この「ラテンアメリカ文学選集」、揃えたいけど薄い割に値段が高い。 -
ノーベル賞作家バルガス・リョサの推理小説。ミステリーとしては可もなく不可もなくの出来映え。
陰謀論を語る町の人々の他愛なさと、事件の真相の下世話さ、メインストーリーの脇で語られる警部補の恋の脱力的な結末。これらが描くペルー社会の、何でもない等身大の姿が、何ゆえか愛らしく思えるのは、作家の力によるのだろう。 -
FMシアター のこれを聞いて図書館から借りてきました。
面白い!に尽きる。
もっと読まれるべき!と思いましたが、単行本だし価格も高いせいか
知名度も低く絶版になってます。
著者の本を現在出してる岩波とかでなく、新潮社とかの親しみやすい文庫にしたら手ごろな厚み、値段になってくれそうな気がします。 -
¿Quién mató a Palomino Molero? Vargas Llosa
明るいミステリ仕立てながら、見えない誰か(お偉方)からの圧力を描いてます。エベリオ・ロセーロの「顔のない軍隊」ほど直接的ではないですが、最後のオチまであって楽しめました。

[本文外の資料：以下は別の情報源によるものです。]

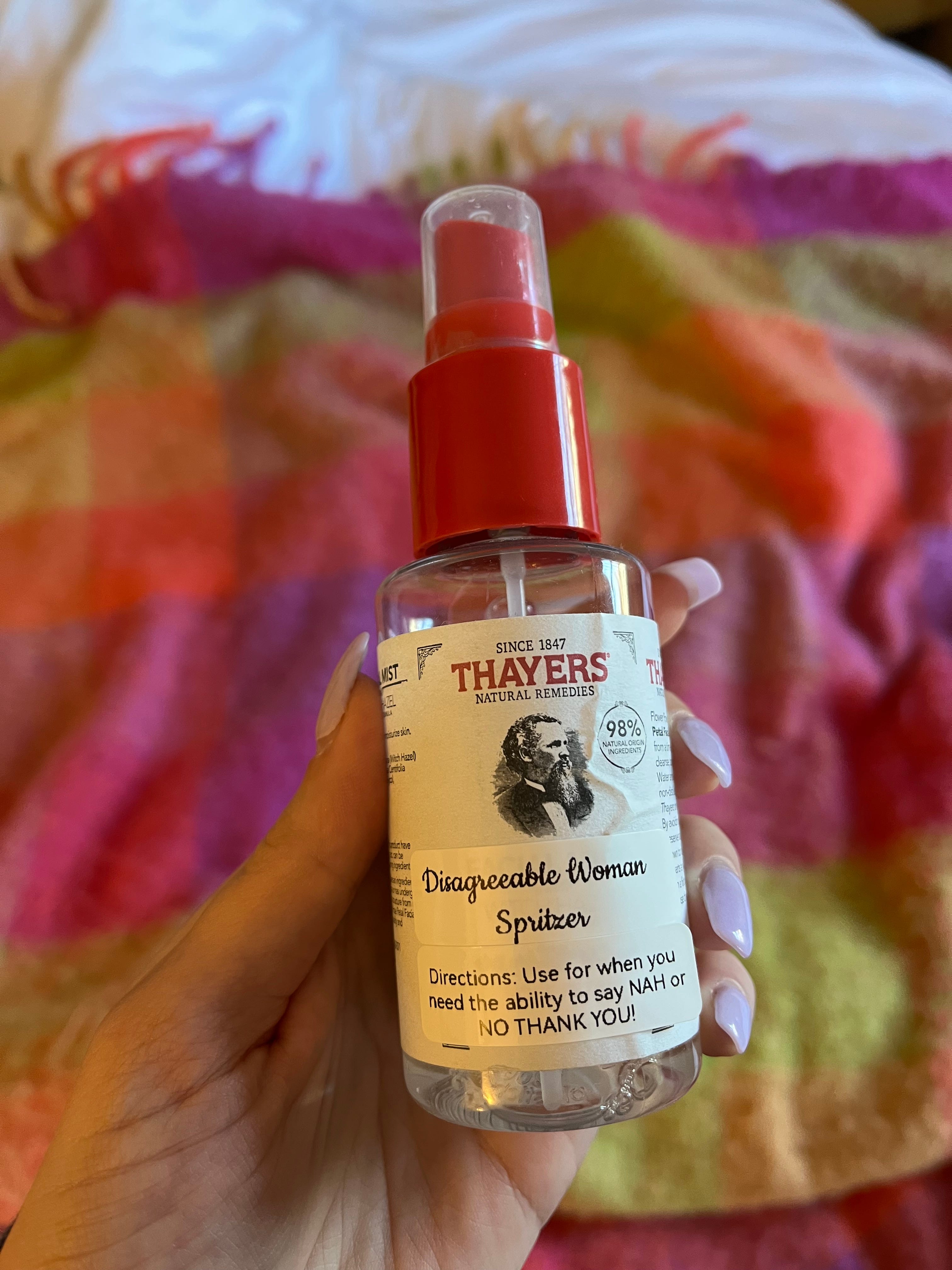 One of the first acts of “living authentically” and “by Design” I took was deciding to work on my people pleasing. So I relabeled my rosewater facial mist “Disagreeable Woman” spray. Whatever works, you know?!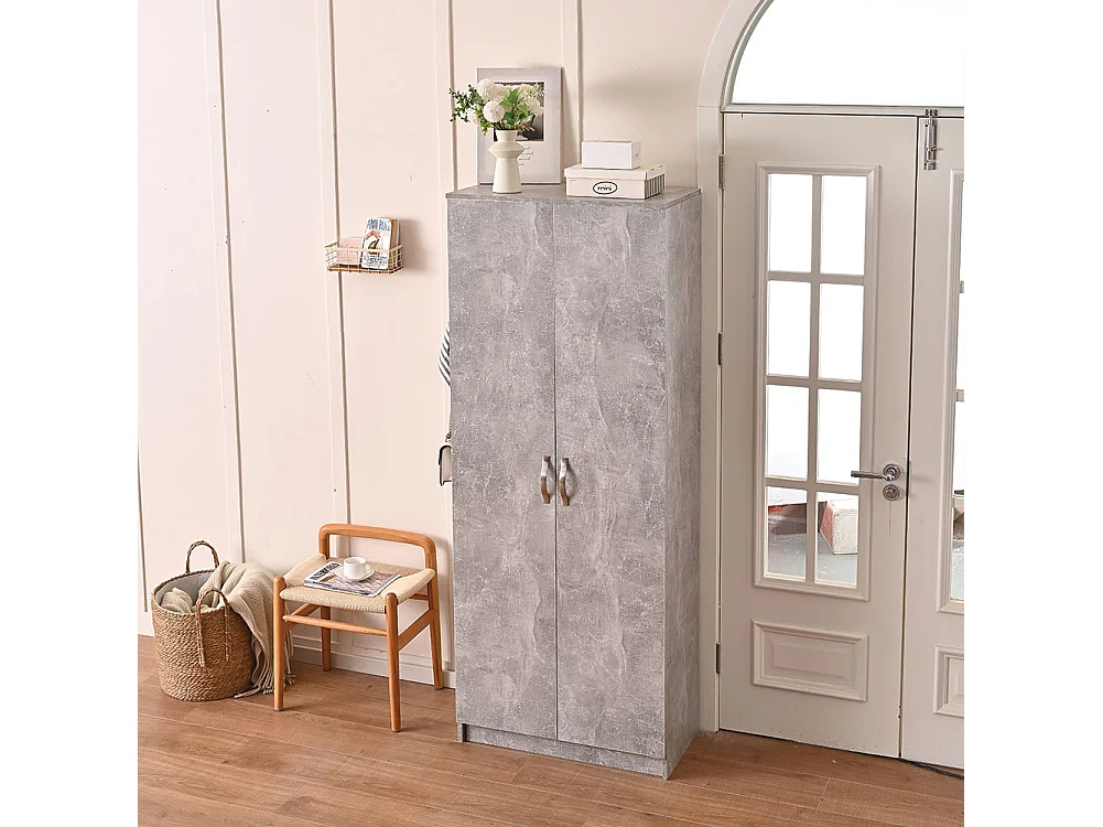 Mobile Armadio Scarpiera Casa 6 Ripiani Porta Scarpe con 2 Ante Multiuso Cemento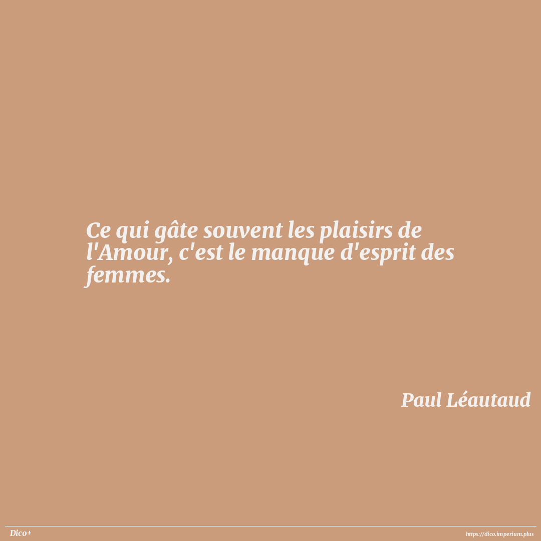 Ce qui gâte souvent les plaisirs de l'Amour, c'est le manque d'esprit des femmes.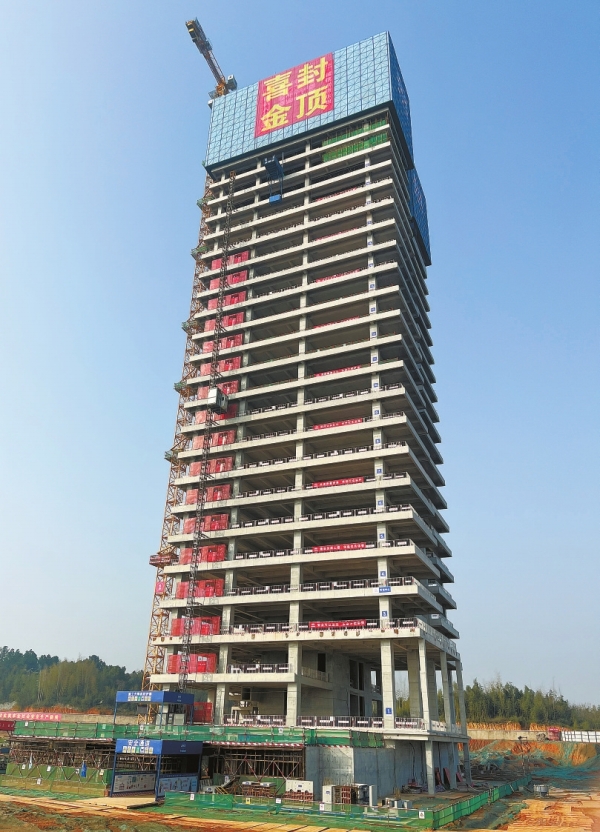 1月12日,天气放晴。支模、绑扎钢筋、混凝土浇筑……当天上午,记者来到120米高的湘江新区九华片区科创中心项目楼顶,60多名工人正在紧张施工,塔吊繁忙作业,现场建设如火如荼。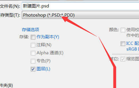 2、即可弹出存储对话框,如果需要继续编辑该文件,则选择“PSD格式”,点击保存。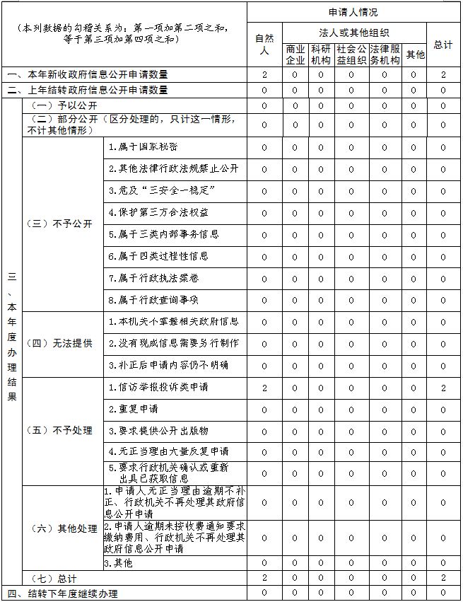 三、收到和处理政府信息公开申请情况

あらすじとしては、惨い姿で放置された死体を発見した主人公の若い警官が、男前の上司と一緒に捜査に乗り出す。少しづつ手がかりが見つかっていく中で、軍隊という大きな組織がバックにあるんじゃ解決のしようがないんじゃないか・・・と匂ってきます。
混血度(生まれ)×職業・階級の絡まりあった人間同士の関係とその結果の不幸が話の筋にあるわけですが、主人公たちの明るさがエンタメ作品にしてくれてます。★★★★ -
『緑の家』の登場人物、リトゥーマを再登場させて展開する、推理小説。
平凡、というのが第一印象。
ミステリーとしての筋立てもあまり驚くべきところがないし、優秀な上官と見習い警官という組み合わせも使い古されたもの。むしろ、リトゥーマを平平凡凡たる一見習い警官に配役しているのが、『緑の家』を読んだ時とだいぶ印象が違い違和感が甚だしかった。『緑の家』に登場した彼なら、未熟なりに活躍できたろうと思われる勢いがなかったのは残念。
結局解説でも、エンターテインメントとしての側面を取り上げるより、リョサの作品の共通する社会諷刺、二項対立といった特徴を取り上げていることからも、エンタメ小説としての質は知れている。
そして、「リョサらしい」小説が読みたければ、他にいくらでもいい小説がある。
『パンタレオン大尉と女たち』が面白かったので、彼がエンターテイメント作品全般を苦手にしているわけではないはずなので、『フリアとシナリオライター』には期待。